- **Task to carry out**: Nothing but the lines below, from the first through the line containing "Figure 1: A: Photograph", should be set down, each one exactly and without pictures.

- **Exercise material**:
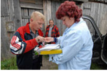
TB patient signs a register after taking his medication

12 November - The United Nations-backed Global Fund today announced that it has approved new grants worth $2.4 billion to projects aimed at fighting AIDS, tuberculosis and malaria in low-income countries over the next two years.
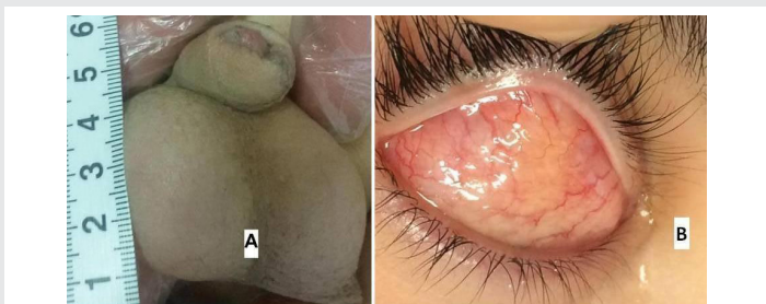
Figure 1: A: Photograph showing testicular enlargement. B: Photograph showing conjunctival hyperemia and yellowish nodules in the eye.

Laboratory examination revealed a white blood cell count of 5,350/mm 3 with a normal differential; a hemoglobin level of 13.2 g/dL; an erythrocyte sedimentation rate (ESR) of 71 mm/h (normal range: 3–13 mm/h); a C-reactive protein (CRP) level of 7.62 mg/dl (normal, < 0.8 mg/dl); follicle-stimulating hormone and luteinizing hormone levels of 0.23 and 0.1 mIU/mL,
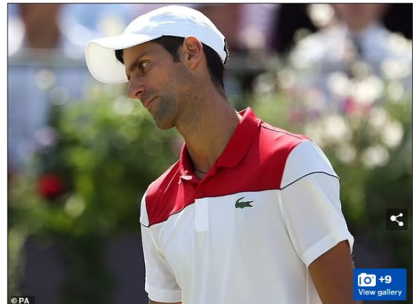
Novak Djokovic's stubbornness has often got him over the line in tight matches on the court

Most tennis players have now accepted, some albeit reluctantly, that they and their sport are best served by taking a vaccine that has saved countless lives.
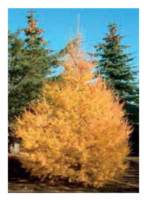
Siberian larch are a deciduous conifer that turn a beautiful gold in the fall.

Be sure to check out the full catalog, which is also available online at www.ndsu.edu/ndfs/documents/2016catalog.pdf. It includes additional information on how to care for your nursery stock, types of nursery stock, selecting the type of stock and species, and storage tips for bare-root and container (plug) stock.
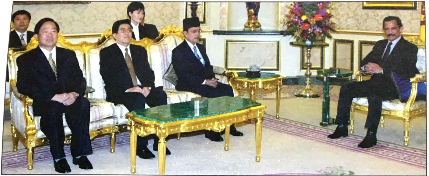
His Majesty The Sultan and Yang Di-Pertuan of Brunei Darussalam consents to grant an audience to the visiting Prosecutor General of the Supreme Court Prosecution Service of the People's Republic of China (second left).
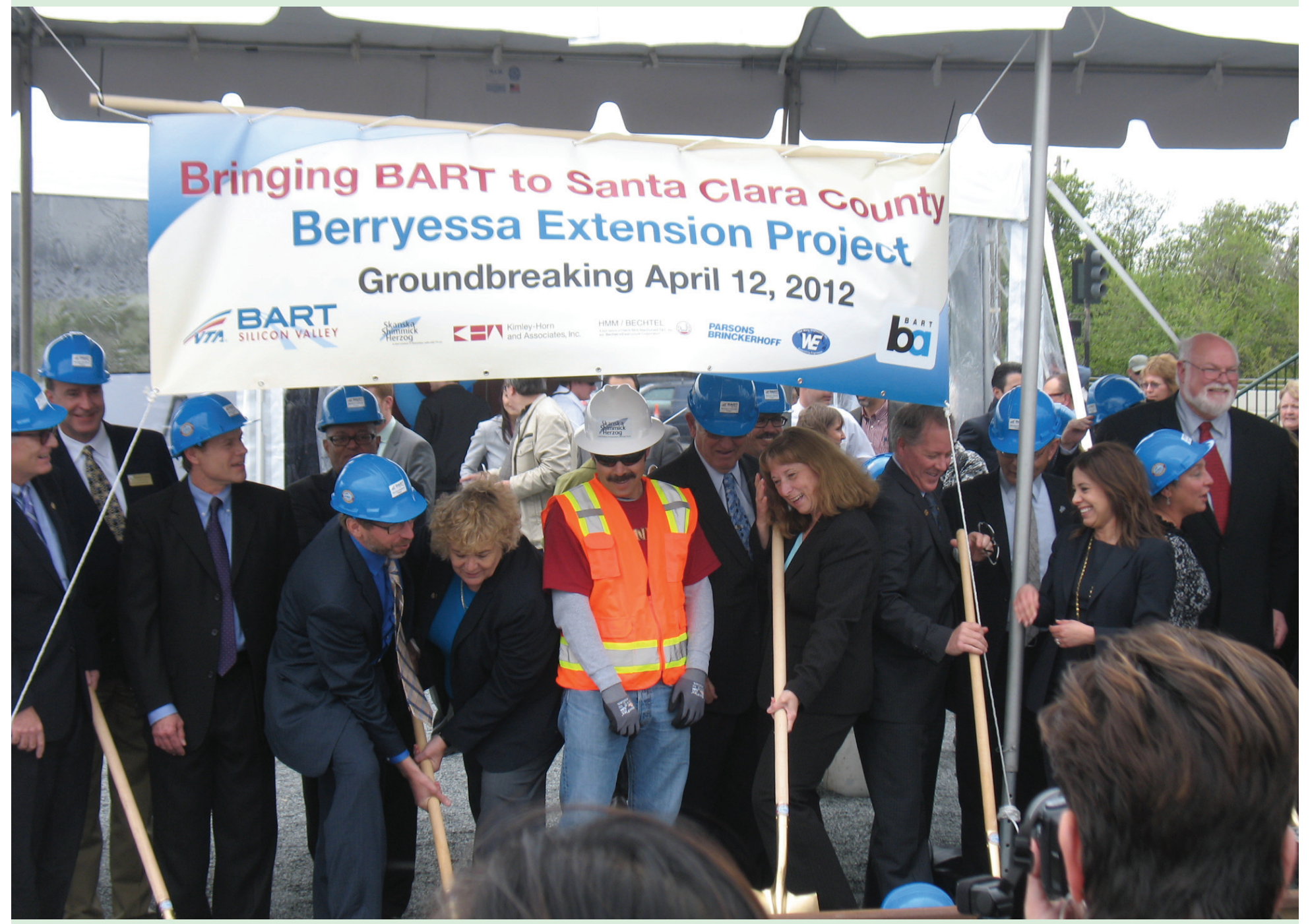
Federal, state and local officials shoveling ballast (rock) at the BART Silicon Valley Berryessa Extension Project Groundbreaking, Thursday, April 12, 2012.
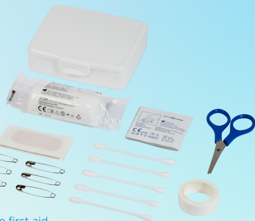
122007 Frederik 24-piece first aid plastic case
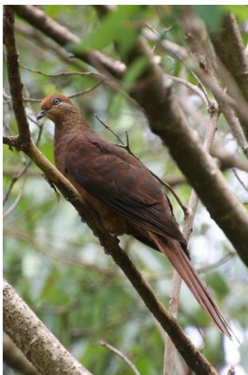
Brown Cuckoo-Dove
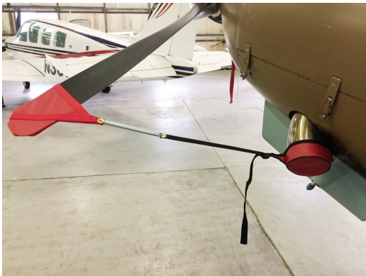
Siai Marchetti 1019 Prop Tie-Exhaust Covers

This cover type is made from Silver Acrylic Sunbrella canvas and is 100% lined with a soft and smooth microfiber. Bruce's Custom Covers developed this material combination especially for aircraft protection. The outer material is medium weight and treated for water resistance, UV resistance and anti-static buildup. The inner lining is a very soft and smooth microfiber to prevent scratching. The material is very reflective, and tests show that the cabin interior temperature can be reduced to near-ambient temperature on the hottest of days. It is water, ice and snow repellent, yet breathable to allow moisture to escape from between the cover and the aircraft surface.
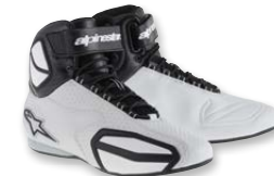
251 0314 106 BLACK GRAY
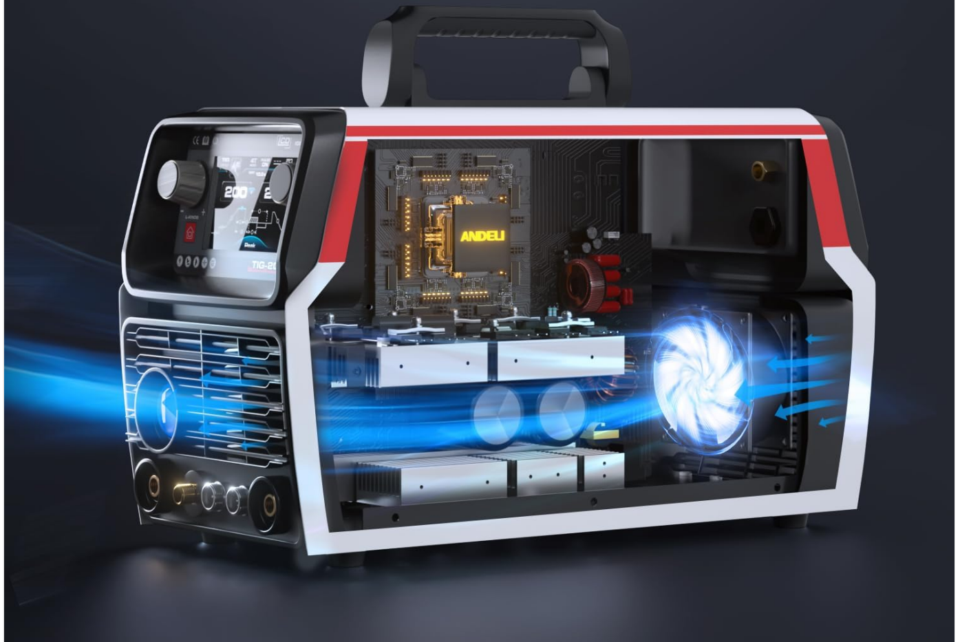
Image: Visual representation of the safety features integrated into the ANDELI TIG-250Pro ACDC welding machine, highlighting VDR, over-voltage, overload, overheating, and over-current protection.
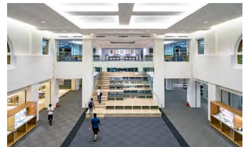
The new main staircase welcomes all readers with an uplifting visual impact; the see-through structure admits sunlight from the rear windows for enhanced lighting. The exhibition area is located above the staircase and the reading area is located below.
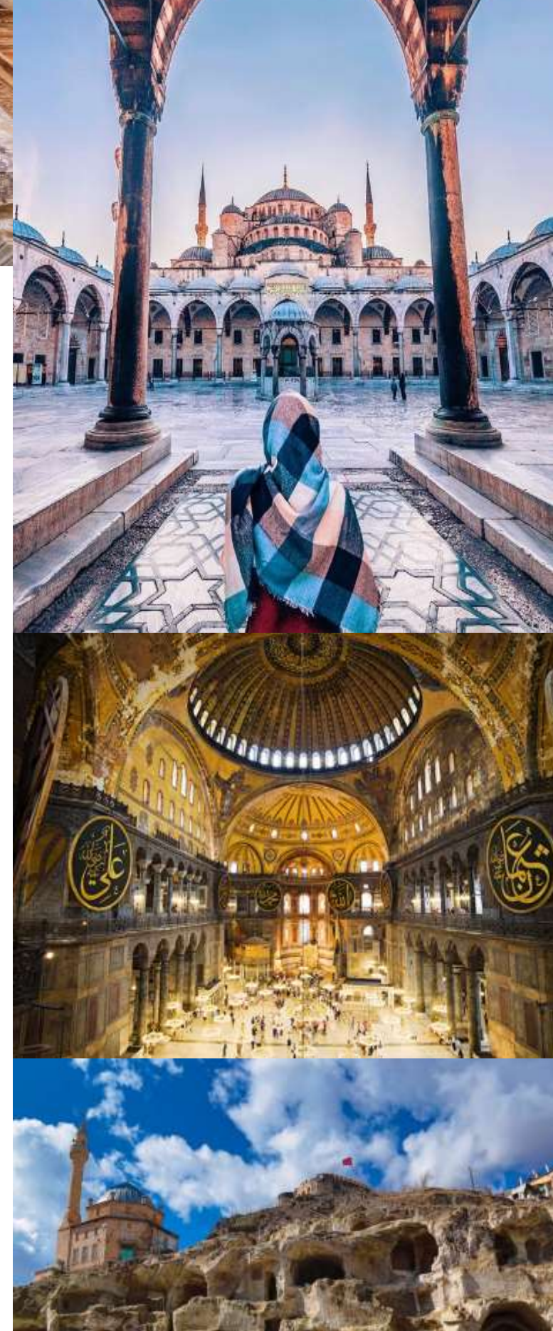
FOR RESERVATION / MORE INFORMATION PLEASE CONTACT YOUR PREFERRED TRAVEL AGENT:

- **Completed task**:
TB patient signs a register after taking his medication

12 November - The United Nations-backed Global Fund today announced that it has approved new grants worth $2.4 billion to projects aimed at fighting AIDS, tuberculosis and malaria in low-income countries over the next two years.
Figure 1: A: Photograph showing testicular enlargement. B: Photograph showing conjunctival hyperemia and yellowish nodules in the eye.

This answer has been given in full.